Le bureau de Lauber était à l'époque impliqué dans une enquête sur des allégations de corruption massive au sein du football mondial, y compris des irrégularités dans la décision d'attribuer au Qatar la Coupe du monde 2022.
Le bureau de Lauber était à l'époque impliqué dans une enquête sur des allégations de corruption massive au sein du football mondial, y compris des irrégularités dans la décision d'attribuer au Qatar la Coupe du monde 2022. AFP

Le Qatar a espionné une rencontre en 2017 entre un ancien procureur général suisse et le président de la FIFA, Gianni Infantino, alors qu'il craignait d'être privé de l'organisation de la Coupe du monde de l'année dernière, a rapporté dimanche un journal.

L'émirat a rejeté les allégations, affirmant qu'elles faisaient partie de "campagnes de diffamation" par les médias européens.

Mais selon l'hebdomadaire NZZ am Sonntag, une opération de renseignement a enregistré la rencontre dans un hôtel de luxe à Berne entre le procureur général de l'époque, Michael Lauber, et Infantino. Le journal a cité des documents officiels et d'autres sources.

Selon le journal, une enquête de plusieurs mois a révélé que la réunion du 16 juin 2017 avait été secrètement enregistrée. Lauber a perdu son emploi après que la discussion soit devenue publique.

L'avocat de Lauber a déclaré au journal que son client ne savait pas qu'il avait été espionné.

Le bureau de Lauber enquêtait à l'époque sur des allégations de corruption massive au sein du football mondial, y compris des irrégularités présumées dans le vote pour donner au Qatar la Coupe du monde 2022.

Le procureur a été contraint de se retirer après qu'il a été révélé qu'il avait rencontré Infantino à trois reprises. Lauber a d'abord nié avoir tenu les réunions.

La FIFA a également examiné les réunions, mais une enquête a révélé qu'Infantino, qui a déclaré que les conversations étaient "parfaitement légales", n'avait aucun cas à répondre.

La rencontre de 2017 s'est déroulée au luxueux hôtel Schweizerhof, géré par des propriétaires qatariens depuis 2009, dans une salle de conférence située dans le même couloir que l'ambassade du Qatar, a déclaré NZZ.

Le rapport a ajouté que le Qatar cherchait à influencer l'opinion internationale alors qu'il craignait de perdre le droit d'accueillir la Coupe du monde 2022 en raison d'allégations de corruption et de violations des droits de l'homme.

Avec l'aide d'anciens agents de la CIA, le pays a espionné des responsables de la FIFA et Lauber, selon la NZZ, qui a déclaré avoir obtenu des "documents secrets officiels" sur la mise sur écoute de l'hôtel.

Le journal a déclaré que des sources ayant une connaissance directe avaient décrit l'opération, sous couvert d'anonymat, et avaient déclaré qu'elle portait le nom de code "Project Matterhorn".

Les sources ont déclaré que le but de l'espionnage était de rassembler des éléments incriminants qui pourraient être utilisés pour faire pression sur le procureur.

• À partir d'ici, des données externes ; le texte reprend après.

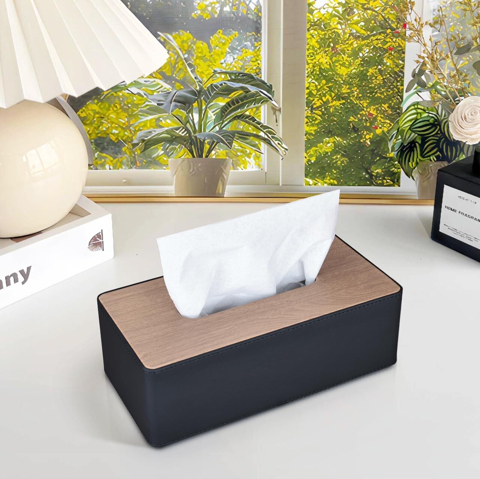 KINGFOM ティッシュケース モダンデザイン ティッシュボックス 高級PUレザー 3色展開 家庭用&オフィス用 多機能ティッシュカバー (黒メープル)
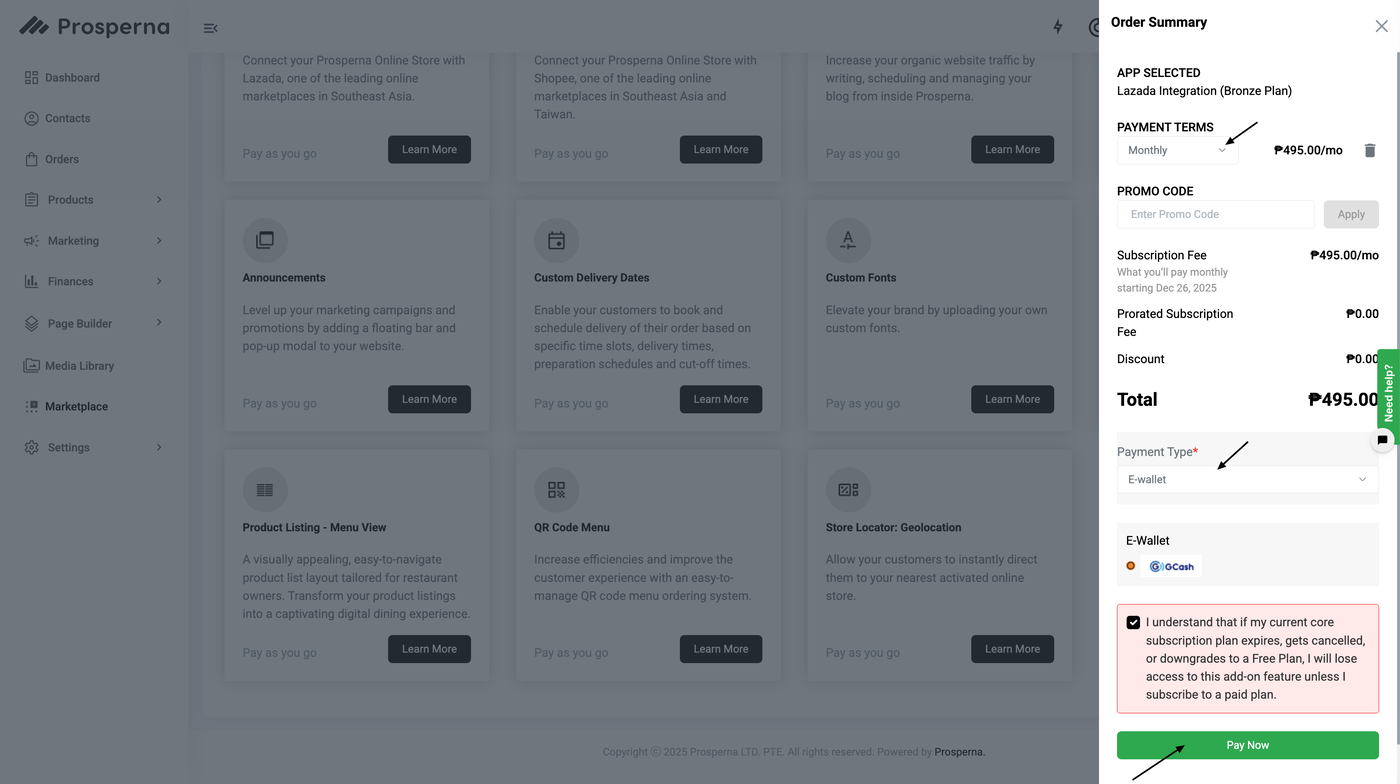 6. After securing your subscription, you must activate the Integration App first by going to the Marketplace then choose the “My Apps” tab above where you can see the Integration App on a card, and inside there is a button that says “Activate”.
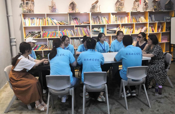2021年7月13日,beat365英国官网网站姜忞和常娟两位指导老师深入合肥市政务区翠庭园行知学堂,观摩八位“小先生”的教学活动。
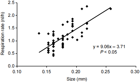 圖5、呼吸速率與第7天體外生產的牛囊胚直徑之間的關系。
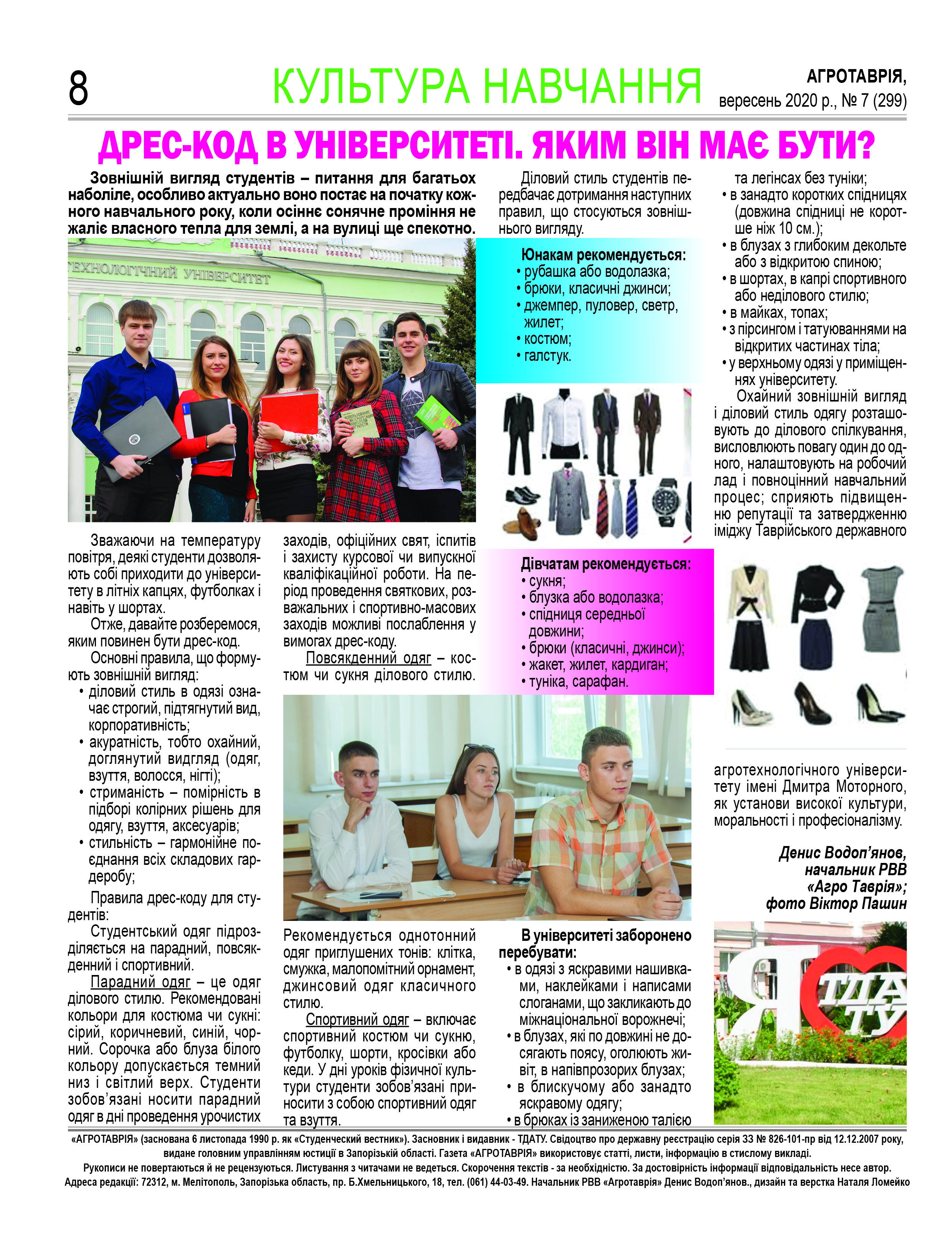 Анонс університетської газети «Агро Таврія» за вересень 2020 року

Avec la campagne d'écoute, le Qatar aurait été conscient que le procureur général suisse avait fourni de fausses déclarations à ses autorités lorsqu'il a soutenu qu'aucune réunion informelle n'avait eu lieu avec Infantino après 2016.

Selon NZZ, l'avocat de Lauber a déclaré que l'ancien procureur général n'avait connaissance d'aucune écoute ou enregistrement de la réunion de Schweizerhof, et n'avait jamais été victime de chantage ou approché par des agents qatariens.

Le gouvernement du Qatar a déclaré qu'il pourrait intenter une action en justice pour ces informations.

"Ces allégations sont une nouvelle tentative de diffuser de fausses informations sur le Qatar et de nuire à sa réputation", a déclaré un communiqué publié par le Bureau international des médias du gouvernement.

"Nous rejetons les allégations et explorons toutes les voies légales. Il est évident que les multiples campagnes de diffamation contre le Qatar en Europe, révélées par les médias en France, en Suisse et ailleurs en Europe au début du mois, persistent sans relâche."

Le Qatar a déclaré que les médias "réputés" devraient "vérifier l'authenticité de telles allégations sans fondement avant de contribuer à la propagation de la désinformation".